Acquire an Authentication Token

vRealize Operations Manager requires API requests to be authenticated. The first step in this workflow is to obtain an authentication token.

To obtain an authentication token, the login request supplies the user credentials in a form that Basic HTTP authentication requires. In this example, the user is logging in to a vRealize Operations Manager instance with URL https://vrealize.example.com/.

Note: This example uses token-based authentication. For more information regarding authentication mechanisms, see Security.

Using authSource, you can import and authenticate users and user group information that reside on another machine. For example, you can authenticate users from LDAP, Active Directory, VMware Identity Manager, Single Sign-On and so on. When you import user account information that resides on another machine, you must define the criteria used to import the user accounts from the source machine.

After creating an auth source you can use it for acquiring a token by specifying the name. The default auth source type is LOCAL.

Prerequisites

Secure a channel between the web browser and the vRealize Operations Manager server.
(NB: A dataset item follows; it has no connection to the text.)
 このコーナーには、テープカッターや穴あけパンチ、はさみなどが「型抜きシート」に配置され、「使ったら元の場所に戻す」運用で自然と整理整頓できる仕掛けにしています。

Open a browser and enter the URL of a vRealize Operations Manager instance such as:
```
https://vrealize.example.com
```
The system warns that your connection is not private. Click through to confirm the security exception and establish an SSL handshake.
Verify that you can access the APIs. Enter the URL of your vRealize Operations Manager instance with suite-api/docs/rest/index.html added to the end, such as:
```
https://vrealize.example.com/suite-api/docs/rest/index.html
```
Verify that you have the login credentials for a user of your vRealize Operations Manager instance.

Procedure

POST a request to the login URL to acquire a token.
```
POST https://vrealize.example.com/suite-api/api/auth/token/acquire
```
See Login Request and Response.
Examine the response.
A successful request returns an ops authorization token, which you must included in subsequent API requests.
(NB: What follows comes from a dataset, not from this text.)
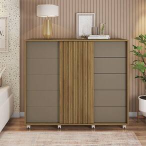 A Cômoda Decorativa Caesar é um exemplo de requinte e praticidade para o seu espaço. Produzida com excelência em MDP, esta cômoda oferece uma solução completa de armazenamento com um toque de elegância. Portas Deslizantes com Acabamento Ripado: As portas deslizantes apresentam um acabamento ripado em MDF revestido, acrescentando textura e estilo à peça. Conta com um cabideiro em alumínio proporciona um espaço conveniente para pendurar roupas e acessórios. Possui seis repartições internas oferecem organização precisa para itens variados, mantendo tudo ao alcance. Gavetas com Corrediças Telescópicas: Cinco gavetas equipadas com corrediças telescópicas garantem acesso suave e fácil aos seus pertences. Mobilidade com Rodízios: A presença de rodízios permite que você mova a cômoda com facilidade, tornando-a versátil e pronta para atender às suas necessidades. A Cômoda Decorativa Caesar é a escolha ideal para quem busca combinar elegância e funcionalidade. Sua atenção aos detalhes, versatilidade de armazenamento e mobilidade com rodízios fazem dela uma adição valiosa a qualquer ambiente. Adquira-a agora e eleve o nível de organização e estilo em seu espaço.

Example: Login Request and Response

This example shows a request and response for a user with the login username: vRealize-user and password: vRealize-dummy-password.

Request header:

POST https://vrealize.example.com/suite-api/api/auth/token/acquire
Content-Type: application/json
Accept: application/json

Request body in JSON format:

{
  "username" : "vRealize-user",
  "password" : "vRealize-dummy-password"
}

Response in JSON:

200 OK

{  
  "token": "8f868cca-27cc-43d6-a838-c5467e73ec45::77cea9b2-1e87-490e-b626-e878beeaa23b",  
  "validity": 1470421325035,  
  "expiresAt": "Friday, August 5, 2016 6:22:05 PM UTC",  
  "roles": []
}

The response code indicates whether the request succeeded, or how it failed.
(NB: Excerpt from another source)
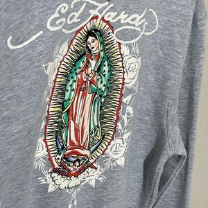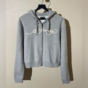 Chic and cozy Ed Hardy hoodie. Features a stylish zip-up design. Ideal for casual wear.

If the request is successful, the server return HTTP response code 200 (OK) and re-usable ops authorization token that expires after six hours. This token must be included in each subsequent API request.
If the authorization header is missing for the request, the server returns HTTP response code 403.
If the credentials supplied in the Authorization header are invalid, the server returns HTTP response code 401.